Sample code in Coliru :
#include <iostream> #include <sstream> #include <string> int main() { double d; std::string s; std::istringstream iss("234cdefipxngh"); iss >> d; iss.clear(); iss >> s; std::cout << d << ", '" << s << "'\n"; }
Here I read N3337 (presumably this is the same as C ++ 11). In [istream.formatted.arithmetic] we have (rephrase):
operator>>(double& val);
As with the inserts, these extractors depend on the local num_get <> object (22.4.2.1) to analyze the input stream data. These extractors behave as formatted input functions (as described in 27.7.2.2.1). After creating the watch object, the conversion occurs as if it were performed by the following code fragment:
typedef num_get< charT,istreambuf_iterator<charT,traits> > numget;
iostate err = iostate::goodbit;
use_facet< numget >(loc).get(*this, 0, *this, err, val);
setstate(err);
A look at 22.4.2.1:
The details of this operation are performed in three steps.
- Step 1: definition of the conversion specifier
- Step 2: Extract the characters from and determine the appropriate char value for the format expected from the conversion specification defined in step 1.
- Step 3: Save the results
In the description of stage 2, it is too long for me to insert it all here. However, it is clearly stated that all symbols must be extracted before attempting conversion; and, in addition, it is necessary to extract the following characters:
- any of
0123456789abcdefxABCDEFX+- - Locale
decimal_point() - Locale
thousands_sep()
Finally, the rules for stage 3 include:
- for the floating point strtold function.
The numeric value that you want to save can be one of the following:
- zero if the conversion function cannot convert the entire field.
All of this, obviously, clearly indicates that the output of my code should be 0, 'ipxngh' . However, he does deduce something else.

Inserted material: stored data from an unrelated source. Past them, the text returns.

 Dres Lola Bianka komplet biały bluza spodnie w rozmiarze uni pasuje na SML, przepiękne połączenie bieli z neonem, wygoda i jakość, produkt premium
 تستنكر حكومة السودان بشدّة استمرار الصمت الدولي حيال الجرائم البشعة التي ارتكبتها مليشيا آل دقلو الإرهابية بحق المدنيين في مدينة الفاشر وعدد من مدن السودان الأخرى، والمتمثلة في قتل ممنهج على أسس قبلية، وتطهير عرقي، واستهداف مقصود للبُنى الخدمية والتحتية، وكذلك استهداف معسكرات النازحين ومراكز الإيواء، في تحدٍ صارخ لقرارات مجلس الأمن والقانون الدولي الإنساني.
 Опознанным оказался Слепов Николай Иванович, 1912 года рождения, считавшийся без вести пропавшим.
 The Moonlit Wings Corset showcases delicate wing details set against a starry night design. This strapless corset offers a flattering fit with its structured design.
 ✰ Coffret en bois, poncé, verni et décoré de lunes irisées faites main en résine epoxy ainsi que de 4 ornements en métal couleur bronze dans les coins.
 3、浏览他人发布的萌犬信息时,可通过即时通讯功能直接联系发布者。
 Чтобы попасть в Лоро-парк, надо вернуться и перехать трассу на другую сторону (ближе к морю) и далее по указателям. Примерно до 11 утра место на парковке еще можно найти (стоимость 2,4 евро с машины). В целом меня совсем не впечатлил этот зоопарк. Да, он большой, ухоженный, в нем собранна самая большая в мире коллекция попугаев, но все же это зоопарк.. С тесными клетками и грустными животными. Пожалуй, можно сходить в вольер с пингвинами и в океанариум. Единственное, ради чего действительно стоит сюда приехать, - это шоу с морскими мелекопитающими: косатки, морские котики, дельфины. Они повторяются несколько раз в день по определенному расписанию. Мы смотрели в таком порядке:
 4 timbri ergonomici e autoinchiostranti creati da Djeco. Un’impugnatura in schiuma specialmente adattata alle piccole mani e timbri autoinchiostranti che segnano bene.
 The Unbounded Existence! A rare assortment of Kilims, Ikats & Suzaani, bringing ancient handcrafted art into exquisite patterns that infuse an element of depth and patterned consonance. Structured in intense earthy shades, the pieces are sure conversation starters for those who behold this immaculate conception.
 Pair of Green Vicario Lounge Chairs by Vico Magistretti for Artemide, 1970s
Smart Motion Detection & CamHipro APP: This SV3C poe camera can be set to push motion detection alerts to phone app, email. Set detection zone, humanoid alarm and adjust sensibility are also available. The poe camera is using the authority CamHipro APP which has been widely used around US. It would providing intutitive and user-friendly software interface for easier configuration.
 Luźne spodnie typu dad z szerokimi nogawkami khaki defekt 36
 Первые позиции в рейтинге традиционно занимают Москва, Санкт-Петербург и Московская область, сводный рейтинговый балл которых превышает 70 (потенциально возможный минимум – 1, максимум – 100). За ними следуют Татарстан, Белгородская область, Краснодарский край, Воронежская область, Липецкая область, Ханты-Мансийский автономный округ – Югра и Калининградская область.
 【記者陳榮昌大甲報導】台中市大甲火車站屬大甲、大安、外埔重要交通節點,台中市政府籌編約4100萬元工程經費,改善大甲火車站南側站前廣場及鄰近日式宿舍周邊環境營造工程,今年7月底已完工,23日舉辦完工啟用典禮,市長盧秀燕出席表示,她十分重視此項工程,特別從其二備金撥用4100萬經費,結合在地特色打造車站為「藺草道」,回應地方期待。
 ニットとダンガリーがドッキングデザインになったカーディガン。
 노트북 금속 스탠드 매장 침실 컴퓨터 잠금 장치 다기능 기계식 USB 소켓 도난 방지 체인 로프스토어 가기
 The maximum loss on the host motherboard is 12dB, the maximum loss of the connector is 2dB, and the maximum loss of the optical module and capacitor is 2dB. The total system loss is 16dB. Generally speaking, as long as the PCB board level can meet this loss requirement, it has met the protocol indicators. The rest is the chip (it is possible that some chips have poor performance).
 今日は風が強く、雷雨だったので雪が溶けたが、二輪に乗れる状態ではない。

Is this a compiler / library error? Is there any position that I skip for the locale to change the behavior of stage 2? (In another question, someone posted an example of a system that really extracts characters, but also extracts ipxn that are not listed in the list specified in N3337).
Update
As perreal pointed out, this text from stage 2 matters:
If true is selected, then if. has not yet accumulated, then the characterβs position will be remembered, but the character is otherwise ignored. Otherwise, if. already accumulated, the character is discarded, and step 2 ends. If it is not discarded, then it is checked whether c allowed as the next character of the input field of the conversion specifier returned by step 1. If so, it accumulates.
If a character is either discarded or accumulated, then it advances in ++ and processes returns to the beginning of stage 2.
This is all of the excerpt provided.